Its just so sad… I hate it when I think I just don’t even enjoy anything about the time we spend together now, which is even worse because we have so much of it… She’d be devastated if she read this… its all just so heartbreaking.
The worst part is is that she says she needs me SO MUCH. she is constantly saying my brother and i are all she has, she would be nothing without us, any time spent with me is fantastic, how much she misses me… even if i spend one night at my boyfriend she interrogates me as to when i will be back… I just gave up trying to stay at his for a break
heSometimes on the days when shes’s so tired she’s a bit like a high functioning demanding zombie… i flash forward to her in 20 years (she’s still so young) and it breaks my heart. How can she cope with this life now? How can I cope with it?
Its so hard to find someone to helpless so annoying and I hate that I find her annoying. It makes me dislike who I am.

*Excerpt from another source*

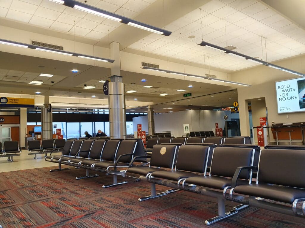 Airside, Calgary Airport features a total of five concourses, each of which is located some distance away from one another however the YYC Link, a shuttle service operated by a passenger transporter buggy does run between these. Following a quick doughnut and coffee stop at the local Tim Hortons, I explored the terminal. Inside, regardless of which pier you find yourself on, each features a decent selection of facilities to pass the time, including shops, cafes and restaurants. Whilst the D pier is the newest and most modern of Calgary Airport’s piers, other parts of the terminal appeared to be a mishmash of new and old, however even those older parts of the terminal were comfortable, clean and in good condition. Complimentary fast wifi is provided throughout the terminal and those looking to charge their devices will likely have no issue finding USB-A ports and plug sockets. Finally, for aviation enthusiasts, large windows offer unobstructed views of the apron outside and thus there are plenty of spotting and photography opportunities.

I started seeing my first proper boyfriend just before my mum’s stroke. He’s been amazing, but I hate that all i have to talk about in life is my mum… her bowels! what she did, what she demanded, what we should be doing and what she wants… I don’t want our relationship to be about my mum. friends: I don’t really want to talk to them about it, i don’t want pity, but i also can’t lie… so telling the truth about the situation would be too hard.
I have an older brother but he has a 2.5yr old and a newborn and doesn’t live in london.
All you saints out there doing it full time without an external carer… I honestly don’t know how you do it.
Welcome to the forum, you’re in the right place to connect with other people who understand exactly how you feel. Many carers describe these feelings, and the current situation makes it so much harder.
We run weekly online meet ups where carers chat informally and take a bit of time for themselves, you’re very welcome to join and there’s no pressure to share anything you don’t want to. Sign up to join us here:
Also, have a look through our help and advice pages too, and check you’re getting all the support you’re entitled to:
There are also details here of local groups where you can meet other carers in your area
Mary, someone needs to have some difficult conversations with mum. Clearly she will never be able to cope alone in her house, in fact even with all the support she is getting, she isn’t really coping.
It is incredibly sad and unfair that mum has had a stroke when she had strived so hard for her career, but the time has come to work out what she NEEDS for the future.
A disability friendly property is surely at the top of this list?
However much she loves her current home, it’s just not suitable any more.
Does mum have any health insurance that would give her ready access to counselling?
You should not become a victim of mum’s stroke.
What would mum, pre stroke, be saying to you about having a life, a career, a family?